Based on the comprehensive ranking from principal component analysis, the combination of HP ( 4 mmol·L) and LZn (0.5 µmol·L) was found to be the most effective in enhancing the antioxidant capacity, sugar accumulation, osmotic regulation ability, photosynthetic capacity, endogenous hormone levels, as well as P and Zn nutrient absorption and utilization in M9-T337 seedlings.

摘要

背景

养分的平衡施用对植物的生长至关重要。然而,过量施肥,尤其是大量营养元素(如磷(P))的不平衡施用,会阻碍植物对微量元素的吸收。平衡的 P 和锌(Zn)对苹果的产量和质量至关重要,而苹果树对这些养分的缺乏非常敏感。因此,本研究于 2022 年 5 月进行,采用沙培实验,研究不同 P 和 Zn 水平对 M9-T337 幼苗生长表型、光合能力、抗氧化酶活性、糖组成、内源激素水平以及养分吸收和利用的影响。三个 P 水平(低、中、高)和三个 Zn 水平(低、中、高)组合,共形成 9 种不同处理。

结果

结果表明,不同水平的 P 和 Zn 组合对 M9-T337 幼苗的生长、养分吸收和利用具有协同或拮抗作用。与低和中 P 水平相比,高 P(4 mmol·L)和适量 Zn 的组合显著促进了植物的生长、根系发育和叶片的微观结构。值得注意的是,高 P 和低 Zn(HPLZn)处理的幼苗高度是中 P 和中 Zn(MPMZn,对照)处理的 1.54 倍。在 HP 条件下,生理指标显示抗氧化酶活性、叶片水分保持、光合色素浓度、渗透调节物质以及叶片中葡萄糖、蔗糖、果糖、内源激素和 P、Zn 积累显著增加,与对照相比。然而,Zn 用量的增加导致这些参数呈下降趋势。
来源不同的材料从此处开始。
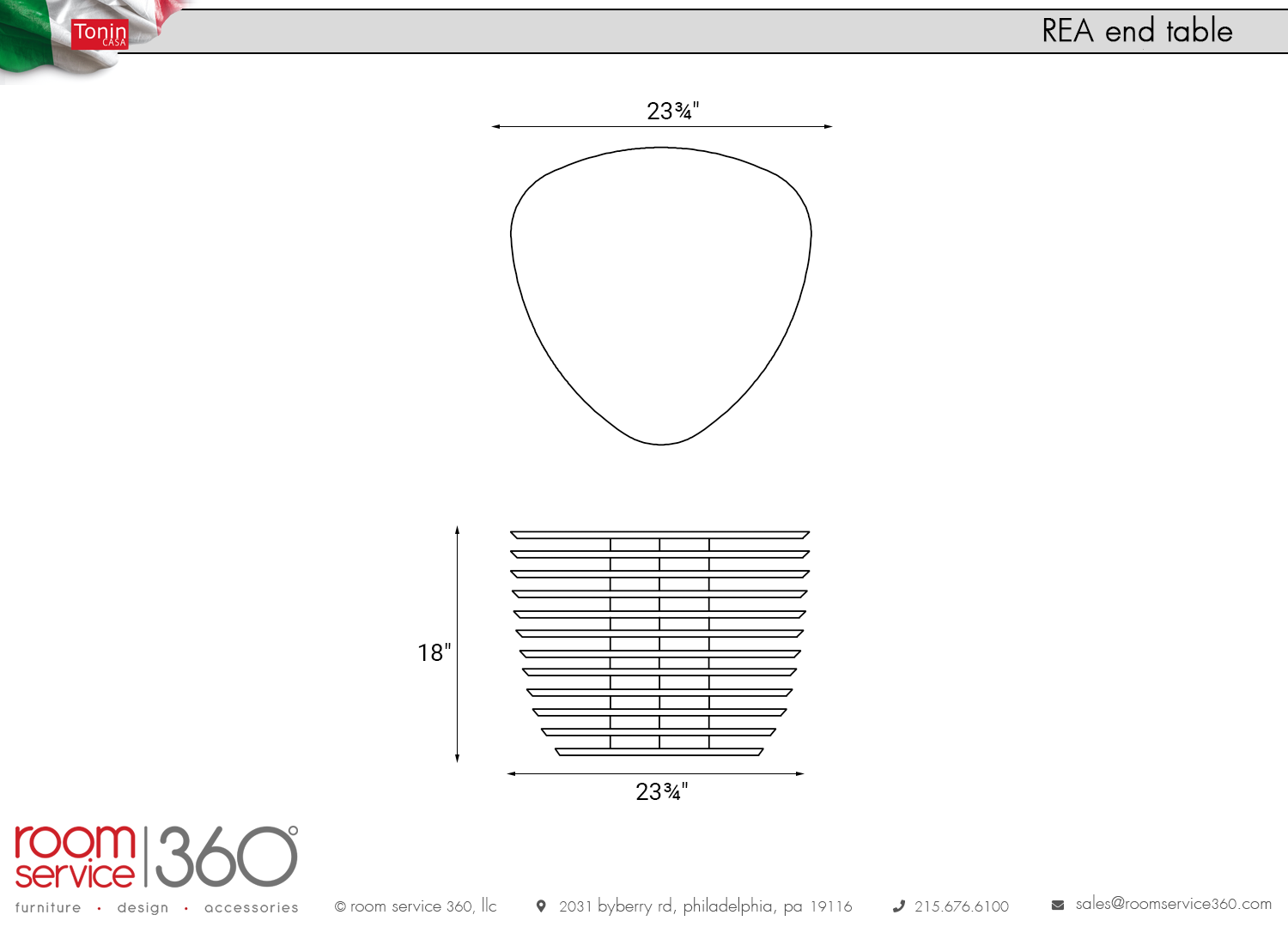 - 23¾"W × 23¾"D × 18"H
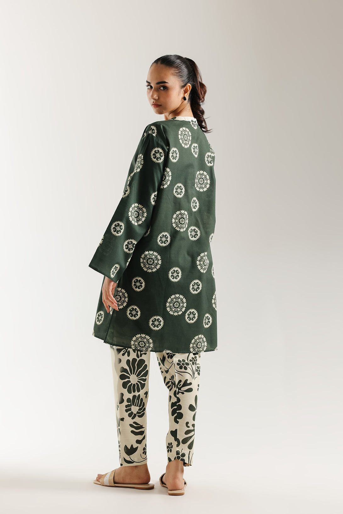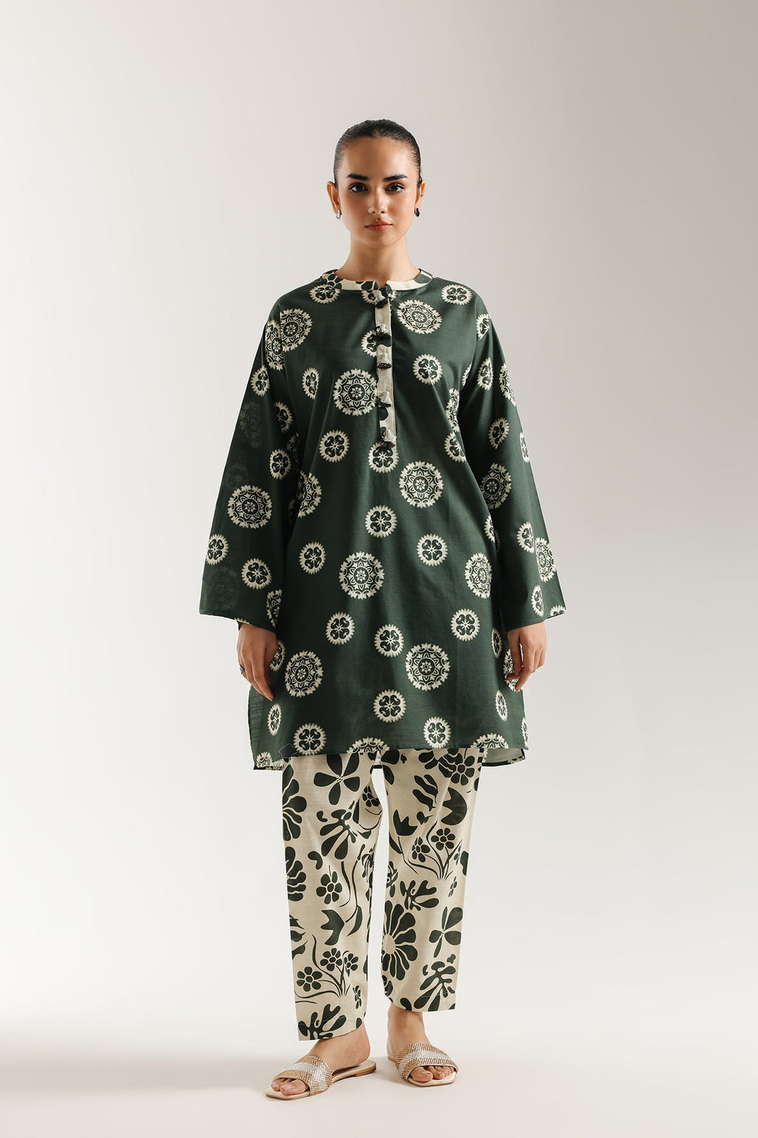 Envelop yourself in the bold, graphic beauty of this striking printed suit. The straight-cut kurta is crafted in a rich forest green and features an all-over geometric medallion print in crisp white, creating a captivating visual contrast. The top is perfectly paired with tailored shalwar in a soft off-white, which showcase an elegant, large-scale botanical print in olive green. This suit is an artistic blend of pattern and color, perfect for a contemporary, sophisticated look.
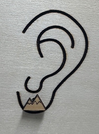 These are a pair of laser cut lightweight mountain stud wood earrings. They are made from 1/8 in thick medium basswood hardwood. All metal components are stainless steel, hypoallergenic posts. They are approx. .25″ in long. Butterfly backs included.

具体而言,HPLZn 处理的净光合速率(Pn)、总叶绿素(Chl a+b)、葡萄糖、果糖、蔗糖和生长素(IAA)分别增加了 7.12%、27.32%、11.40%、23.20%、16.67%和 55.11%,与对照相比。

结论

基于主成分分析的综合排名,发现 HP(4 mmol·L)和 LZn(0.5 μmol·L)的组合最能有效提高 M9-T337 幼苗的抗氧化能力、糖积累、渗透调节能力、光合能力、内源激素水平以及 P 和 Zn 养分吸收和利用。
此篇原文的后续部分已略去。